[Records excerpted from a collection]

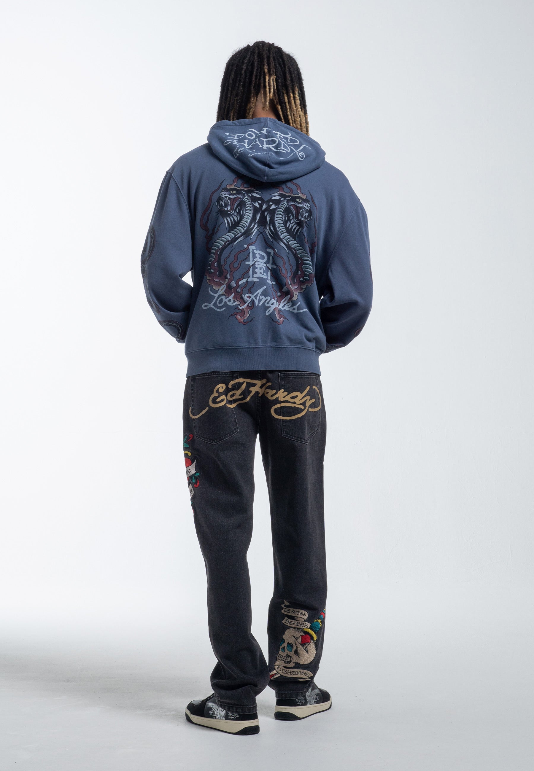 Channelling the unfiltered energy of LA's subversive cultures: fashion, art, skateboarding, tattoo studios and more, the Double Venom Hoodie is a statement of true art.
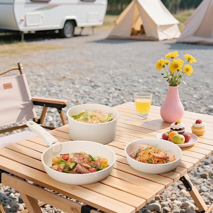 JEETEE Nonstick Pots and Pans Set with Removable/Detackable Handle (Beige, 25 Pieces)
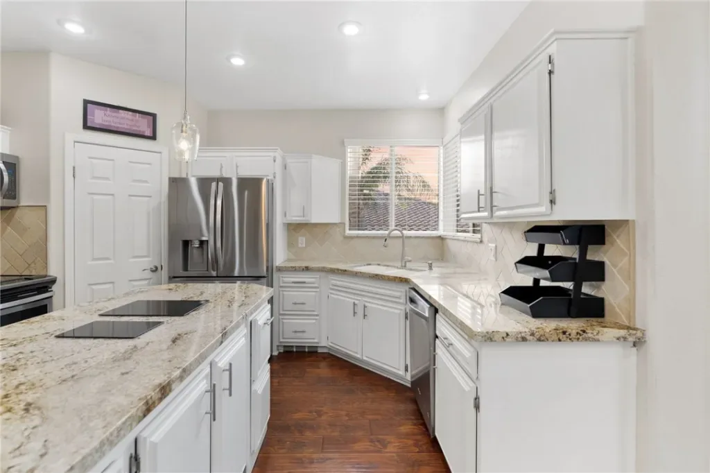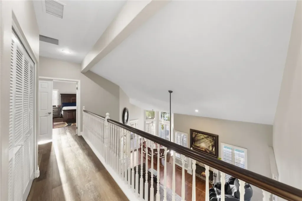 The open and inviting kitchen is equipped with granite countertops, ample cabinetry, a walk-in pantry, and large windows adorned with plantation shutters, filling the home with abundant natural light. The main level showcases beautiful wood flooring, while the upstairs features stylish LVP flooring throughout.
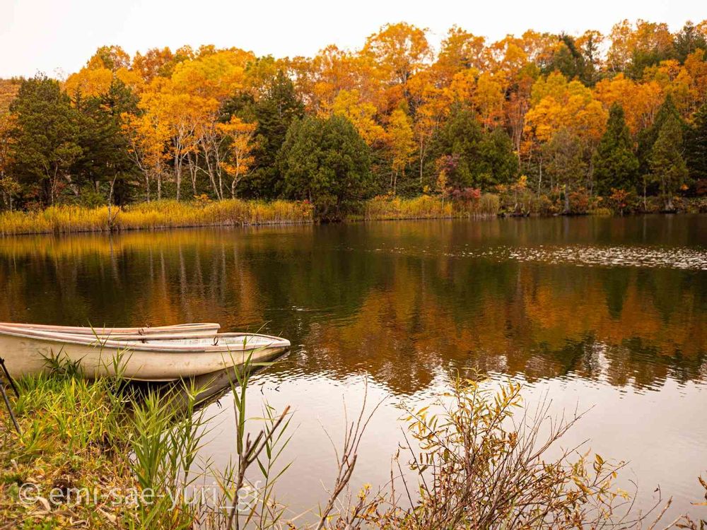 2020年10月14日の志賀高原 木戸池 水面が鏡のように風景を映し出しています。
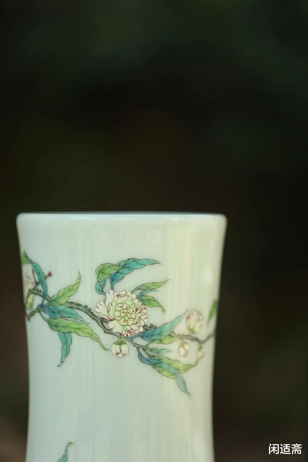 器型设计暗藏章法,尽显雍正瓷的 “秀雅之姿”。赏瓶采用经典 “直口长颈,圆腹,圈足” 形制,颈部修长挺拔如玉柱,腹部圆润饱满似满月,圈足内敛稳重若磐石,自上而下的线条过渡自然流畅,无一处生硬转折。这种比例均衡的造型,既延续了古代赏瓶 “观器识人” 的礼仪属性,又契合雍正朝 “崇雅黜俗” 的审美取向 —— 不追求夸张体量,却在细节处彰显精致。
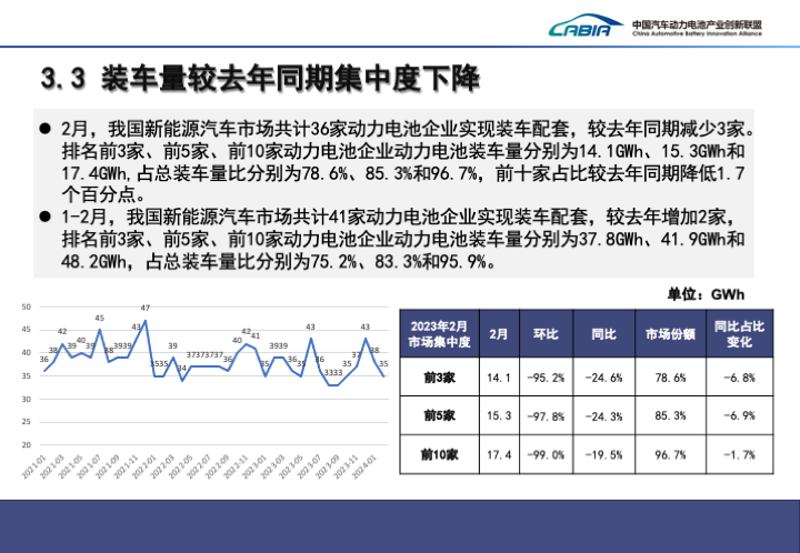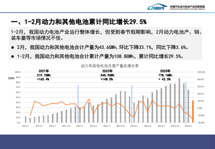 > 1-2月,我国动力电池产业运行整体增长,但受到春节假期影响,2月动力电池产、销、装车量等市场情况不佳。> 2月,我国动力和其他电池合计产量为43.6GWh,环比下降33.1%,同比下降3.6%。> 1-2月,我国动力和其他电池合计累计产量为108.8GWh,累计同比增长29.5%>
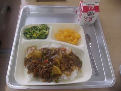 10日の給食は、冬野菜のカレー、ブロッコリーとコーンのサラダ、黄桃(カット缶)ごはん、牛乳。(エネルギー:625kcal)
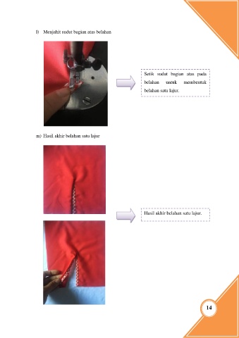 l) Menjahit sudut bagian atas belahan Setik sudut bagian atas pada belahan untuk membentuk belahan satu lajur. m) Hasil akhir belahan satu lajur Hasil akhir belahan satu lajur. 14
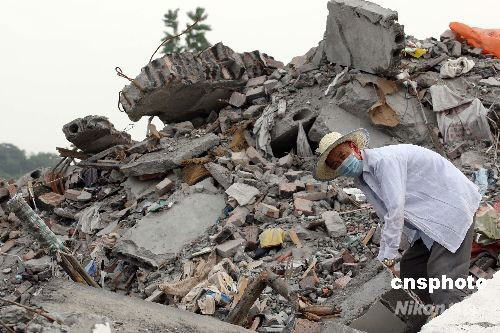 圖:幸存者在向娥中學(xué)廢墟中尋找遺物
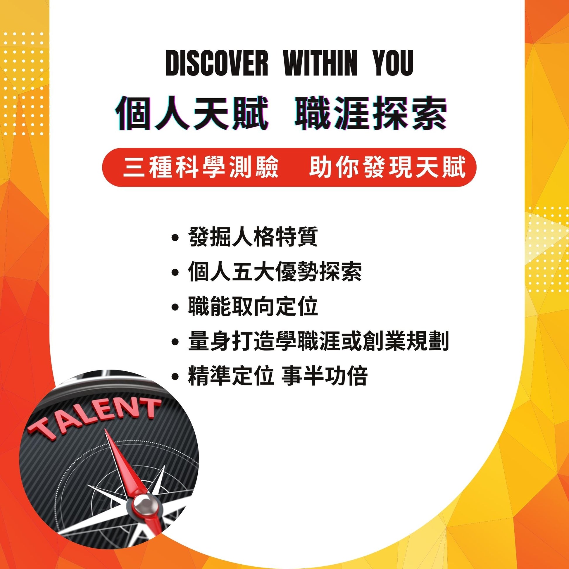 首先謝謝您參加此次測驗,跟著我們一起探索職涯與自我不同的可能性!
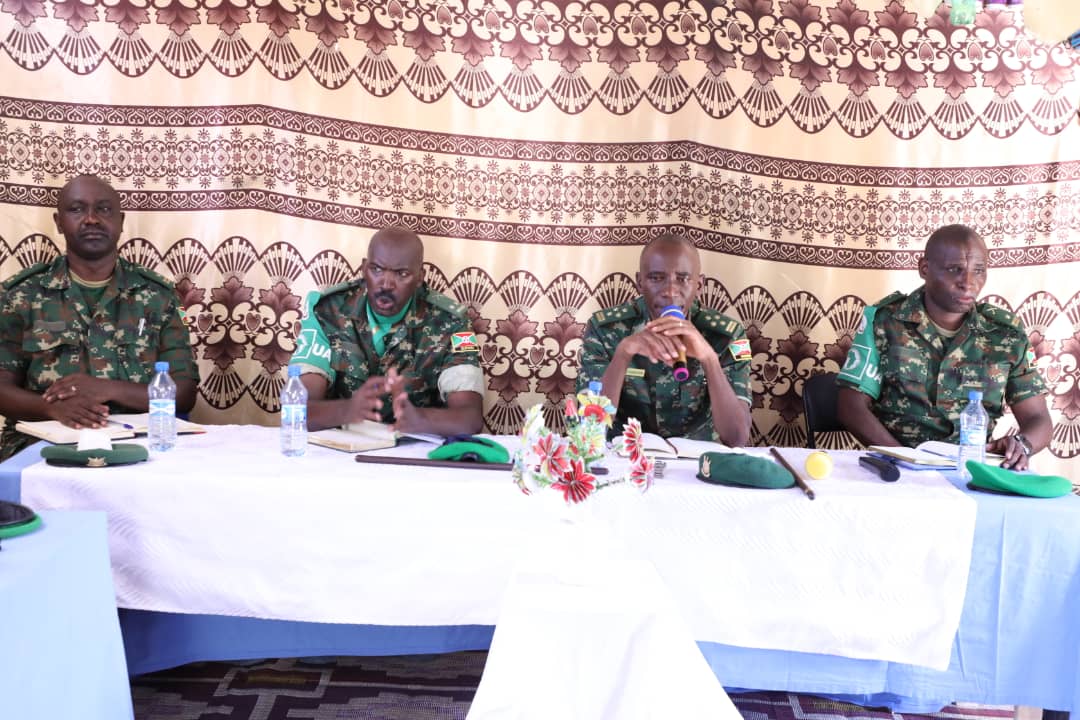 Jeudi et vendredi, le Lieutenant Général Niyongabo Prime, Chef d’Etat Major de la FDNB , visitait les troupes burundaises de l’AMISOM/ATMIS. Après avoir tenu une minute de silence envers les soldats Barundi tombés au cours de cette mission de paix, il s’est entretenu avec les officiers en leur recommandant de mener des combats contre les Al shabaabs partout où ils étaient retranchés. Les encourageant à continuer la noble mission d’aider le peuple somalien à retrouver la paix chez eux.
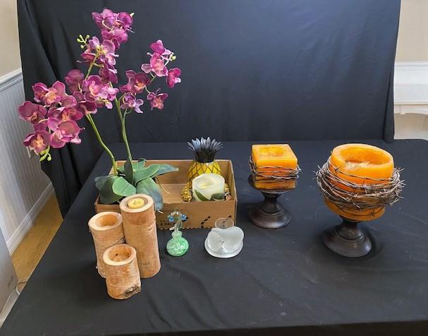 Includes candles, candle holders, scent bottle, and more. Measurement: 23"L x 16"W
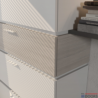Основной материал композиции — ламинированная плита в декоре «Алебастр», «Сосна» и «Муссон». Из неё сделан и корпус, и фасады. Ручки Slate белого цвета эргономичной формы облегчают открывание боксов.
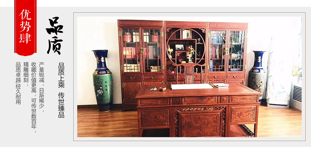 東陽市大聯(lián)福林堂紅木家具廠座落于素有“東方好萊塢”之稱的國家AAAAA級影視旅游基地橫店影視城, 是一家集開發(fā)、設(shè)計、生產(chǎn)、銷售、服務(wù)為一體的綜合型企業(yè)。本公司匯集一批具有豐富生產(chǎn)經(jīng)驗的能工巧匠,具有豐富的紅木家具設(shè)計生產(chǎn)經(jīng)驗。本公司產(chǎn)品主要選用紫檀、花梨、酸枝、雞翅等優(yōu)質(zhì)紅木,并采用純天然蜂蠟飾面。經(jīng)過蒸煮、脫脂、烘干、定型等多道工序嚴(yán)格處理,福林堂紅木始終嚴(yán)格秉承“質(zhì)量第一”、“信譽(yù)至上”的經(jīng)營理念,在繼承傳統(tǒng)工藝的基礎(chǔ)上,不斷創(chuàng)新,大力引進(jìn)先進(jìn)家具設(shè)備、烘干設(shè)備,實現(xiàn)了現(xiàn)代生產(chǎn)工藝與傳統(tǒng)表現(xiàn)手法的有機(jī)相融。
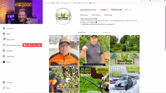 01:52:47Der Streamer stellt Florian vor, einen Gartenpfleger aus Gifhorn, der aufgrund einer Auftragsflaute Unterstützung sucht. Florian bietet verschiedene Dienstleistungen wie Baumschnitt, Heckenpflege und Rasenmähen an. Der Streamer ruft die Zuschauer auf, Florians TikTok-Kanal zu folgen und ihn bei möglichen Gartenarbeiten zu kontaktieren. Innerhalb kurzer Zeit kann Florians Followerzahl deutlich gesteigert werden.

**TASK REQUIREMENTS**
Reproduce only the lines from the first line of the entries through the line containing "JEETEE Nonstick Pots", exactly and with both ends kept. Omit the pictures.

**SOLVED PROBLEM**
 Channelling the unfiltered energy of LA's subversive cultures: fashion, art, skateboarding, tattoo studios and more, the Double Venom Hoodie is a statement of true art.
 JEETEE Nonstick Pots and Pans Set with Removable/Detackable Handle (Beige, 25 Pieces)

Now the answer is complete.